Spoiler Alert: These essays are ideally to be read after viewing the respective films.

Tuesday, December 4, 2018

Rosemary’s Baby

The film narrative centers on Satan impregnating Rosemary, a married woman in New York City. According to Roman Polanski, the film’s director, the decisive point is actually that neither Rosemary in the film nor the film’s viewers can know whether it was the devil who impregnated her. Beyond the more matter of being able to distinguish a psychosis from a more “objective” or external religious event, the importance of the supernatural to religion is also, albeit subtly, in play, according to Polanski.


“Nothing supernatural is in the film,” Polanski says in an interview that comes with the DVD, so the intrusion of religion into Rosemary’s pregnancy could all be in Rosemary’s head. Given the paranoia “over the safety of her unborn child [that] begins to control her life,” Rosemary may unjustifiably fear that the Satanic couple in the next apartment hosts a coven that plans on sacrifice her baby; Rosemary may hallucinate the devil’s face during the sex scene and the devil’s likeness in her baby after his birth. As for the first hallucination, however, Rosemary does not eat much of the drugged chocolate dessert furnished by Minnie Castevet from next door. Whereas the sequence through the boat scene looks hallucinatory, the fact that Roman Castevet’s painting red lines on Rosemary’s naked chest and abs as she lies on a bed is in the same scene as the sex, which crucially includes a camera shot of part of the devil’s body—a shot not from Rosemary’s point of view—followed by a very brief shot of the devil’s face from Rosemary’s point of view, the supernatural presence of the devil is indeed in the film. A dream or hallucinatory sequence in life as in a film does not maintain a “scene” for long, yet the one of the painting and intercourse is sustained long enough not to be dreamlike. So I cannot agree with Polanski’s claim that nothing supernatural is in the film. He later admitted to being an agnostic, yet he did not keep to his personal beliefs in the making of the film—which is a good thing.

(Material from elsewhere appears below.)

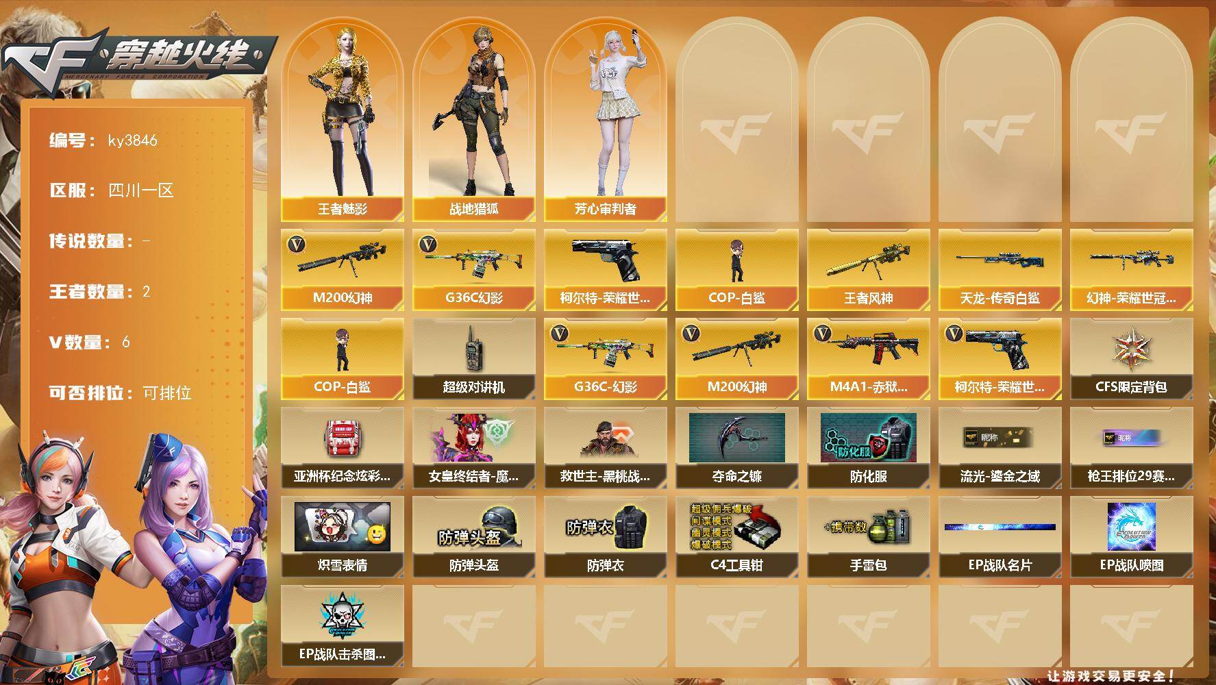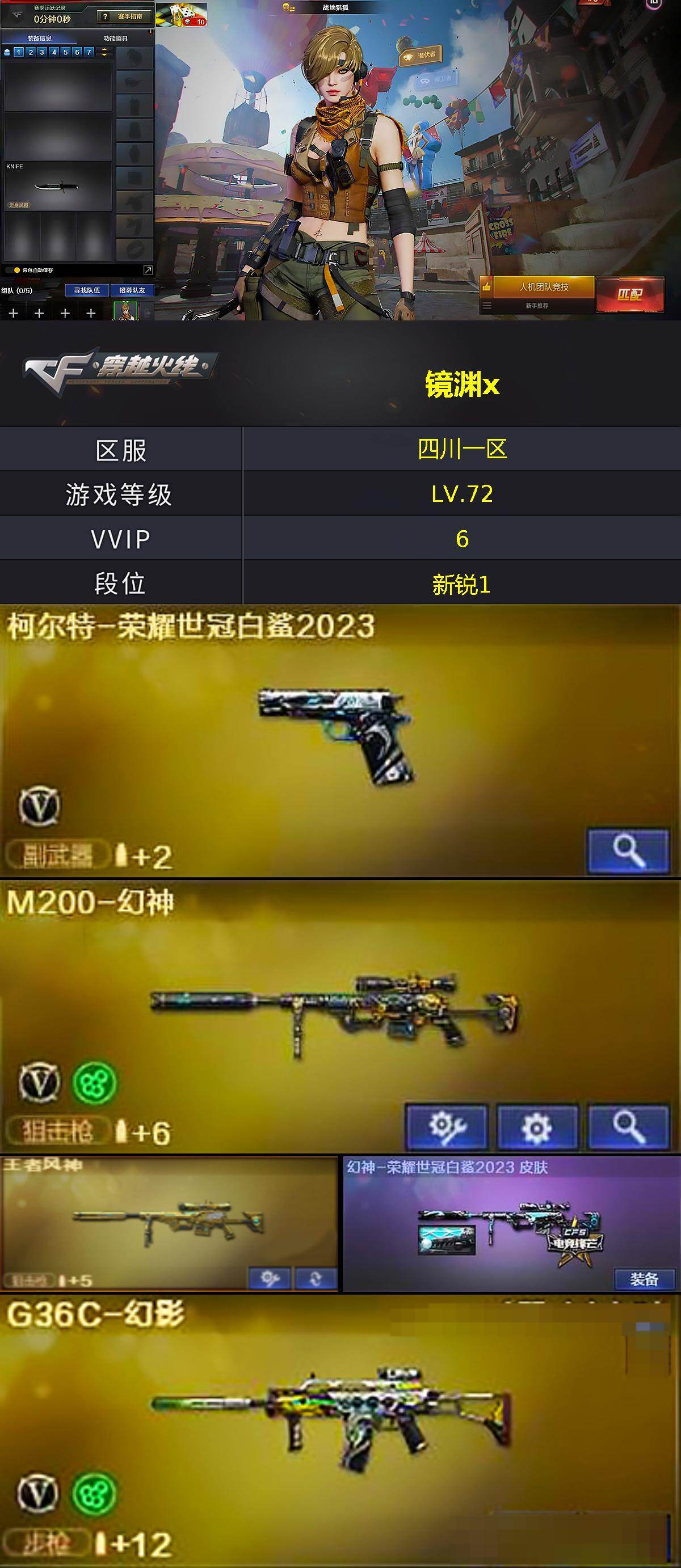[14350050]四川一区-6V-2王者-0炫金 【热门武器】:G36C-幻影,M200-幻神,柯尔特-荣耀世冠白鲨2023,COP-白鲨 【王者炫金武器】:王者风神 【皮肤】:幻神-荣耀世冠白鲨2023 皮肤,AWM-天龙-传奇白鲨 【角色】:战地猎狐,王者-魅影,芳心审判者 【人偶武器】:COP-白鲨 【暴走生化】:超级对讲机 【英雄级武器】:G36C-幻影,M200-幻神,柯尔特-荣耀世冠白鲨2023,M4A1-赤狱骑士 【道具】:CFS限定背包,亚洲杯纪念炫彩背包,女皇终结者-魔龙之吻,救世主-黑桃战神,夺命之镰,防化服,流光-鎏金之域,枪王排位28赛季金色流光,枪王排位29赛季金色流光,炽雪表情,EP战队名片,EP战队喷图,EP战队击杀图标,防弹头盔,防弹衣,C4工具钳,手雷包 【特殊枪械】:

Only one very brief look at the devil having intercourse and another such glimpse of the baby’s face struck me most in my first viewing of the film. Genius! I thought, as the viewers would only get a glimpse of the central character—and one that is distinctively religious. By showing us less, in other words, Polanski actually raised the significance of the supernatural to religion. This raises the question of whether the supernatural really is so important in the phenomenology of religion. Perhaps supernatural additives have been placed in religions to gain adherents. In Christianity, perhaps it is easier for people to focus on an image of the resurrected Jesus than the invisible Kingdom of God, even though Jesus in the Gospels claims he came to preach the mysteries (i.e., what is hidden) of his Father’s Kingdom. It is easier to call the prince of peace the king in that Kingdom, with not much attention going either to the invisible Father or the Kingdom. In his book, The History of Natural Religion, David Hume argues that the human brain has an innate tendency to posit human characteristics on inanimate objects (and animals). As we do so in a given religion, it becomes overladen, human all too human, such that the original divine simplicity is covered. The human mind has trouble holding onto such divine purity as Plotinus’s the One; it is much easier for us to envision the supernatural. That which catches our eyes is irresistible even to an agnostic director, as well as to the viewers. We crave even just a glimpse of Satan in the film, and the provision of just a glimpse actually validates how important the supernatural is not only in the film, but, moreover, in religion itself. But is the supernatural in religion itself, or do we humans bring the supernatural images to religion?